The western United States, from Washington down and around to New Mexico, is facing the largest risks of blackouts in history. California was bad enough last year.
As Malik, Baker and Chediak discuss in Bloomberg Green, “The specter of blackouts highlights a paradox of the clean-energy transition: Extreme weather fueled by climate change is exposing cracks in society’s move away from fossil fuels, even as that shift is supposed to rein in the worst of global warming.”
“States shuttering coal and gas-fired power plants simply aren’t replacing them fast enough to keep pace with the vagaries of an unstable climate, and the region’s existing power infrastructure is woefully vulnerable to wildfires (which threaten transmission lines), drought (which saps once-abundant hydropower resources) and heat waves (which play havoc with demand).”
It’s even worse as California and other states shut nuclear plants, replacing them with gas.
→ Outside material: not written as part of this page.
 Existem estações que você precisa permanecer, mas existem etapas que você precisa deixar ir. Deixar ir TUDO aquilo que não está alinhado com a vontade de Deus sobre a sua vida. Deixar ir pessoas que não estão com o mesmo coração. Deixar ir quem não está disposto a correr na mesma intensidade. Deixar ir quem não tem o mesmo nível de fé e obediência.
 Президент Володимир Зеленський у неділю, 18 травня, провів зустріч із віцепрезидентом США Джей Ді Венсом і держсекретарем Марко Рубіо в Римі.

Or hopes and dreams. Shuttering coal plants has meant most of these states have to import electricity from their neighbors, a temporary move that only makes matters worse because the amount available to export dwindles as those neighbors have less and less to give. Presently, no western region generates enough electricity to meet high periods of demand, and all rely on imports to avoid blackouts.
So what happens when all these states experience droughts, wildfires and record heat at the same time? Like what will probably happen this year?
Bad things will happen.
Of course, everyone is assuming bad things will happen this year and already electricity prices are soaring, up three or four times what they were last year, as we anticipate the shortages that will likely occur. Except in regulated markets like much of Washington State.
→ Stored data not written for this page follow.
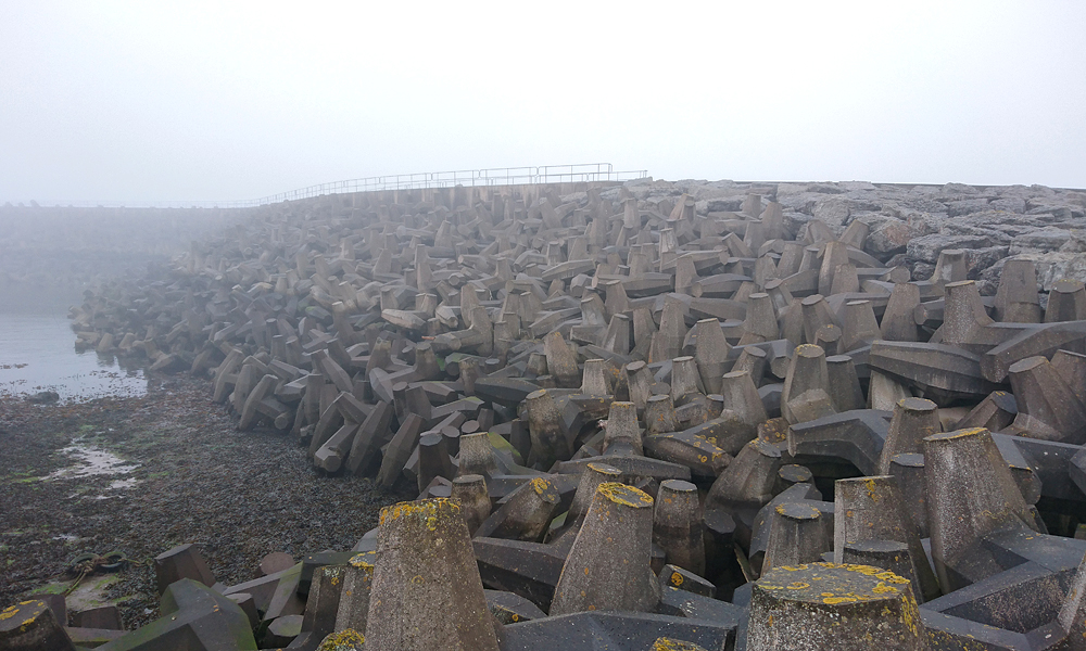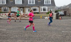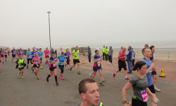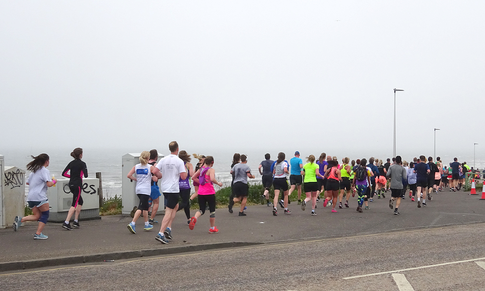 Langs de zee liggen de 10 km matten. Ik loop nog steeds! Ik ben niet eens ontevreden over de tijd. Ik reken wat en reken nog eens. Rond 2.15 zou ik moeten kunnen redden denk ik. Dat is een stuk beter dan vorig jaar maar nog steeds langzaam natuurlijk. Maar vorig jaar was het na de 10 km matten over (door de warmte denk ik). Ik ben toen gaan wandelen en deed 8 minuten over de 11e kilometer. Nu hobbel ik rustig door. Verder langs de zee waar een frisse zijwind staat. De zon laat zich nog steeds niet zien. Gelukkig maar want dat kan ik er niet bij hebben nu. Ik moet doorlopen.
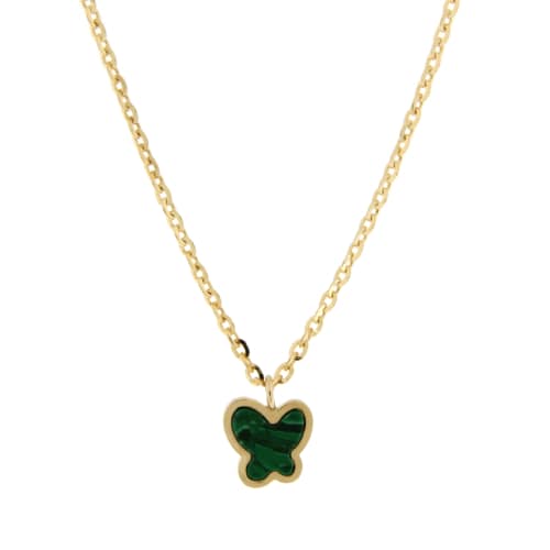 Collana Donna Oro Giallo GL102027 Collana da donna in oro giallo 750 (18 kt). Collana a catena con pendente a forma di farfalla con malachite verde. La lunghezza della collana è regolabile da 40 a 45 cm, chiusura con moschettone. Il peso della collana è di 3,10 grammi. Referenza: GL102027 Questa collana in oro giallo 18 kt incanta con il suo pendente a forma di farfalla, impreziosito da una malachite verde dal fascino naturale. Un gioiello che racconta una storia di rinascita e leggerezza, perfetto per chi ama distinguersi con stile.
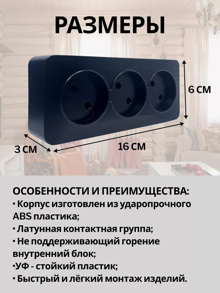 Розетка накладная STEKKER София, 3 гнезда, без заземления, IP20, черный информация:
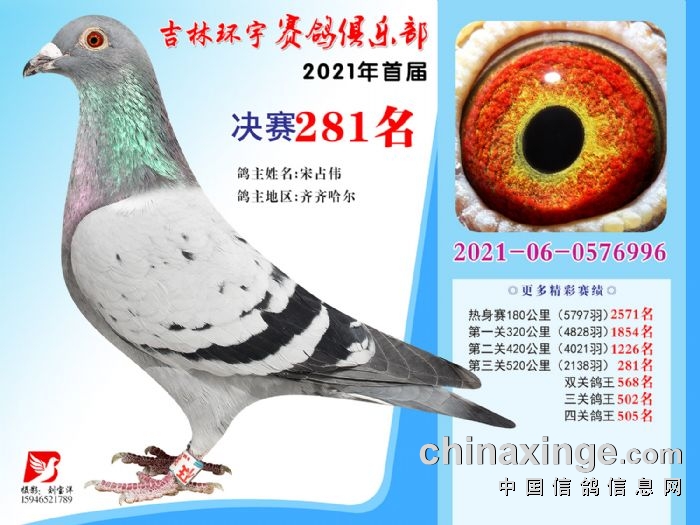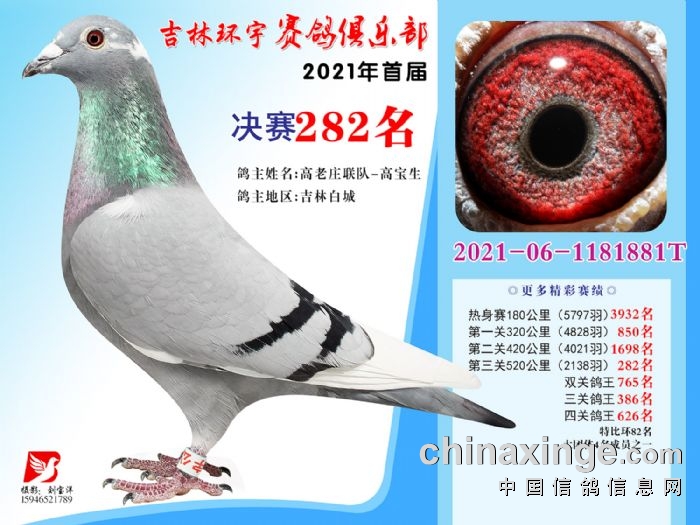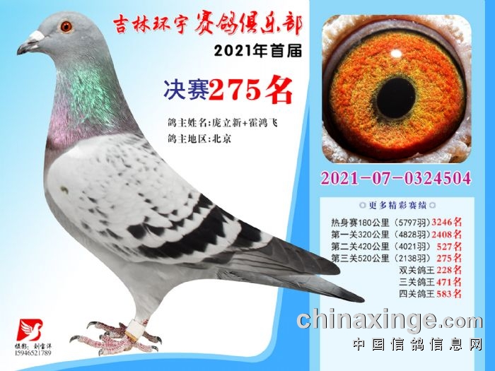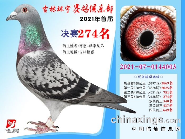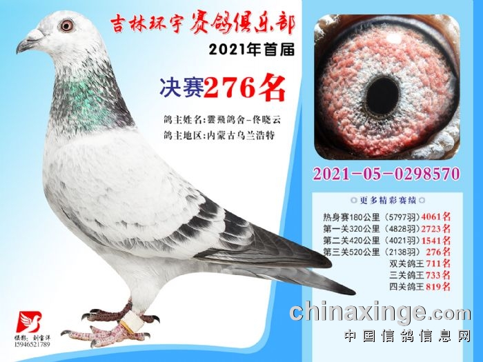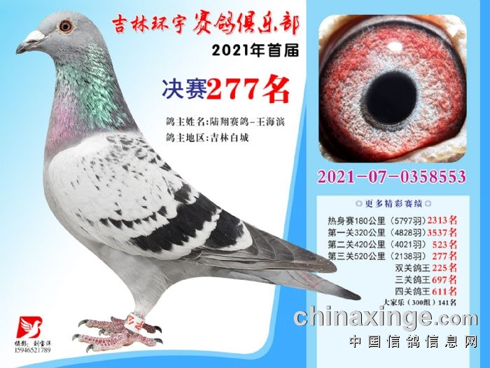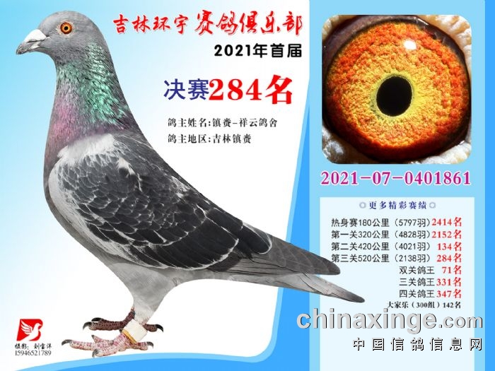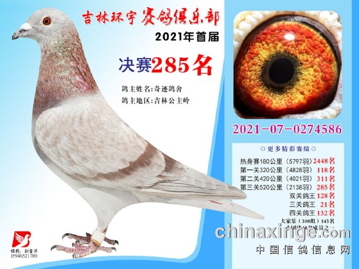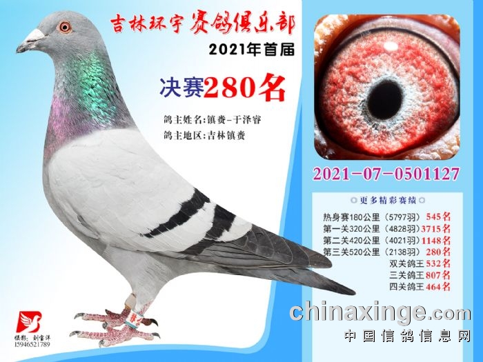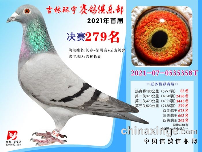 吉林环宇公棚(大棚)520公里决赛获奖鸽照片(271-285)

California is probably in the worst place. It’s in the second year of their most recent drought. Much of the state’s reservoir storage is only at half normal, dangerously low as they enter another serious wild fire season.
Northern California has received not even half the average historic precipitation for this time of year and, so far, this is the 3rd driest water year on record. And there isn’t likely to be any more precipitation of significance until the fall. So hydropower will dry up somewhat as well.
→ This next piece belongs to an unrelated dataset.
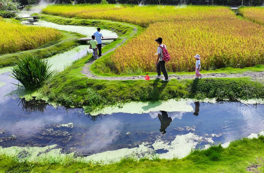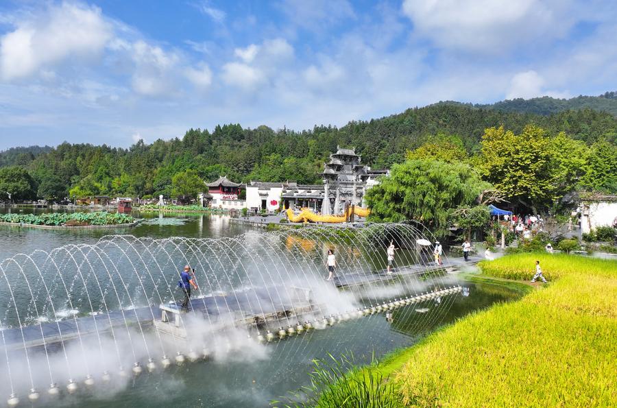 YIXIAN, 1er octobre (Xinhua) -- Les villages historiques de Xidi et Hongcun, tous deux classés au patrimoine mondial de l'UNESCO dans le district de Yixian, dans la province d'Anhui (est de la Chine), ont accueilli un grand nombre de touristes le premier jour des congés de la fête nationale grâce à leur architecture élégante et leurs paysages pittoresques.
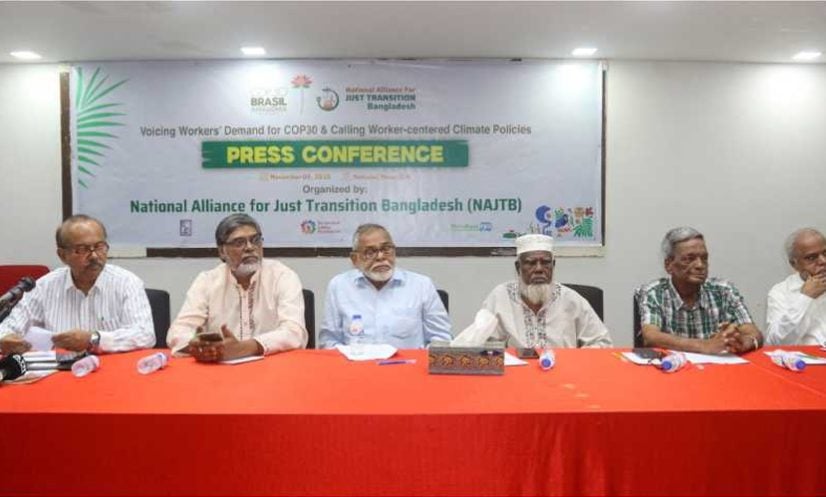 রোববার (৯ নভেম্বর) জাতীয় প্রেসক্লাবের জহুর হোসেন চৌধুরী হলে ‘কপ-৩০-এর জন্য বাংলাদেশি শ্রমিক ও ট্রেড ইউনিয়নগুলোর দাবিনামা পেশ’ বিষয়ক সংবাদ সম্মেলন বক্তারা এসব কথা বলেন। ন্যাশনাল অ্যালায়েন্স ফর জাস্ট ট্রানজিশন বাংলাদেশ (এনএজেটিবি) আয়োজিত বাংলাদেশ লেবার ফাউন্ডেশন (বিএলএফ) এবং বাংলাদেশ ইনস্টিটিউট অব লেবার স্টাডিজ (বিলস) ও মন্ডিয়াল এফএনভির সহযোগিতায় সংবাদ সম্মেলনটি অনুষ্ঠিত হয়।

Statewide snowpack is about 30% of average for this date. Temperatures have been warmer than average, and warmer temperatures increase evaporation and dries out soil much more quickly, further reducing streamflows, groundwater recharge, and stressing already-dry forests and aquatic ecosystems.
The major Sacramento Valley reservoirs are all quite low. Shasta, Oroville, Folsom, and New Bullards Bar are all lower today than they were on this date in any year of the 2012-2016 drought. This is disturbing since Shasta ran out of cold water early in 2014 and 2015, killing about 95% winter run juveniles. The present drought appears to be even worse.
Agriculture is where this will hit hardest as it uses so much more water and has so little in reserve. Throughout the 2012-2016 drought, 70% of California’s irrigation groundwater was lost to over-allocation of the state’s groundwater resources, plummeting the state into a domino effect of consequences that still plagues the state today.
From job losses by the thousands, skyrocketing crop prices and long-term environmental and socioeconomic impacts, the devastating toll droughts unleashed on Californians and the rest of the West highlight the need for increased water resilience efforts. And serious planning.
There are some things we can do, but planning is critical. Relatively new companies, like the public benefit corporation AQUAOSO Technologies with their Water Security Platform, aggregate thousands of data sets to identify the scale of water risks and decide how best to address them. Accurately analyzing water risk, providing insight on water stress across the American West, and giving a more comprehensive view of environmental data allows better decision making.
Even at the financial end where this understanding plays into the lending process that empowers financial institutions to incentivize meaningful change, whether regenerative agriculture, better water use, or leveraging water markets.
The real problem is that we planned pretty well in the past for crises like this, but we weren’t hamstrung by the push to decarbonize. Just putting up wind and solar without planning for the infrastructure needed to efficiently employ them, or without the hydro and small modular nuclear plants that should be buffering them instead of gas or the dream of sufficient batteries that is decades away, means we are at the mercy of Nature.
And She’s not too happy with us at this point.